Taeyong menaikkan satu alisnya, Stephen akhirnya pun berjalan menghampiri ibunya lalu memeluk kepalanya erat. Taeyong yang terkejut pun sontak memeluk pinggang si bungsu. "Jangan khawatir, eomma. Kami bertiga sudah dewasa. Ya ya ya?" Ia menggoda Taeyong sambil menggoyangkan tubuh mereka.
"Pastikan kalian pulang sebelum jam tiga pagi. Mengerti?"
Stephen mengangguk semangat. Si bungsu langsung mengecup pipi ibunya dengan singkat, "saranghae Yongie eomma!" Teriaknya sambil berjalan cepat keluar dari rumah mewah itu.
Mark juga mendekat pada Taeyong, membubuhkan kecupan kecil di pipi sang papa sebelum menyusul langkah Stephen yang begitu antusias, "see you later, eomma."
Taeyong tersenyum tipis sambil mengangguk. Kini ia berhadapan dengan Jeno yang ingin memberikan kecupan juga tetapi Taeyong tampak menahannya lalu meraih kedua bahu sang anak. Taeyong bisa melihat tatapan Jeno yang sedikit sendu, membuatnya juga ikut menurunkan bibirnya sedih.
"Ada apa?" Tanyanya sambil mengusap rambut Jeno lembut. Anaknya ini cukup pendiam dan pandai menyembunyikan sesuatu.
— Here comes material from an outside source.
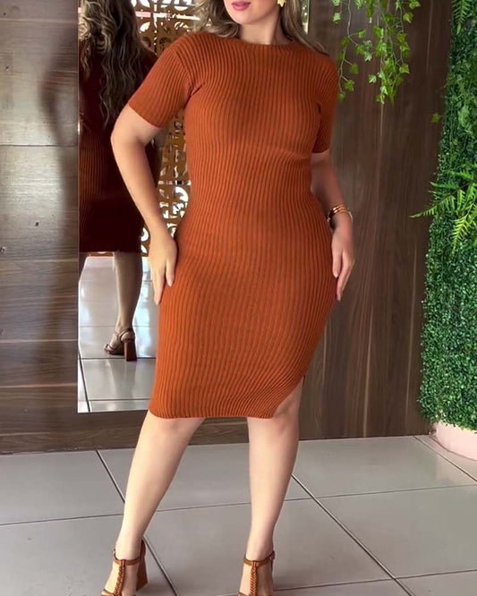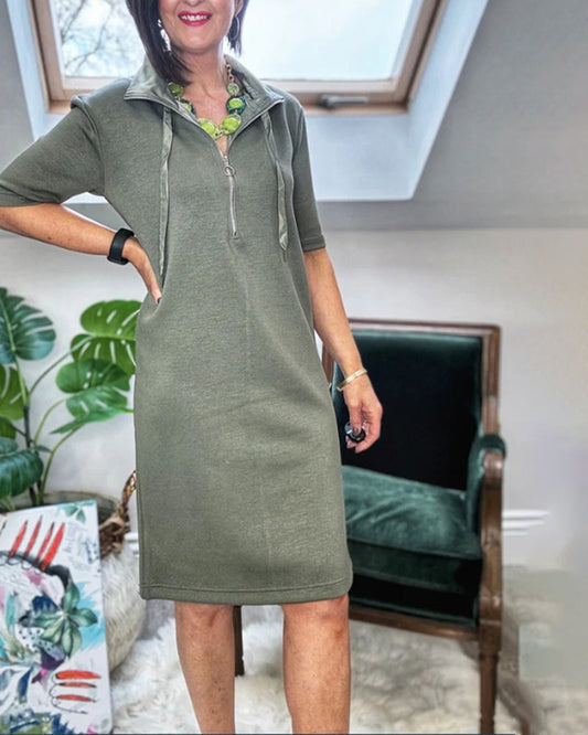 Enkel ensfarget fritidskjole med snøring og glidelås

"Aku hanya lelah." Ujarnya mencoba mengulas senyum.
"Sebaiknya kamu beristirahat saja Jeno-ya."
Jeno menggeleng, ia segera memeluk tubuh Taeyong yang tingginya hanya mencapai telinganya saja. Jujur, Jeno merindukan Taeyong setelah sekian lama dirinya tinggal sendirian di New York. Memang Taeyong selalu mengunjungi Jeno jika ada waktu tetapi tidak sering. Paling empat kali dalam setahun karena Taeyong juga harus mengurus pekerjaannya di Korea Selatan.
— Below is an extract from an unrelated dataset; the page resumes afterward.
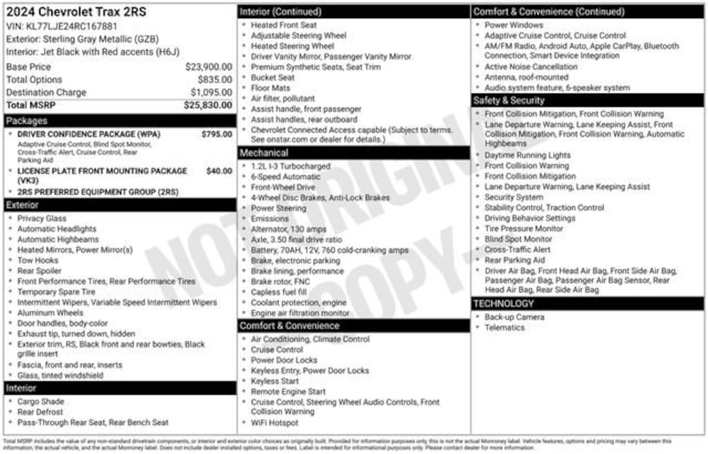 The 2024 Chevrolet Trax 2RS is a standout compact SUV that delivers exceptional value and versatility. With its sleek design, advanced technology, and impressive performance, this vehicle is a true testament to Chevrolet's commitment to engineering excellence.

Aroma tubuh Taeyong yang mirip seperti vanila membuat Jeno merasa nyaman. Ingin sekali dirinya terus berada di pelukan ibunya untuk waktu yang lama. Sedangkan Taeyong tersenyum kecil, ia meletakkan dagunya di bahu Jeno kemudian mengusap punggung lebar putranya lembut.
KAMU SEDANG MEMBACA
[REVISI] positions. | JenoJaemin
Fanfiction[REVISI] Terakhir kali Jeno melihatnya, dia hanyalah seorang anak laki-laki labil yang tidak mengerti apa itu cinta. Penampilannya culun, senyuman lebar seperti badut, dan rambut berbentuk mangkuk. Namun semuanya berbeda ketika Jeno datang ke sebuah...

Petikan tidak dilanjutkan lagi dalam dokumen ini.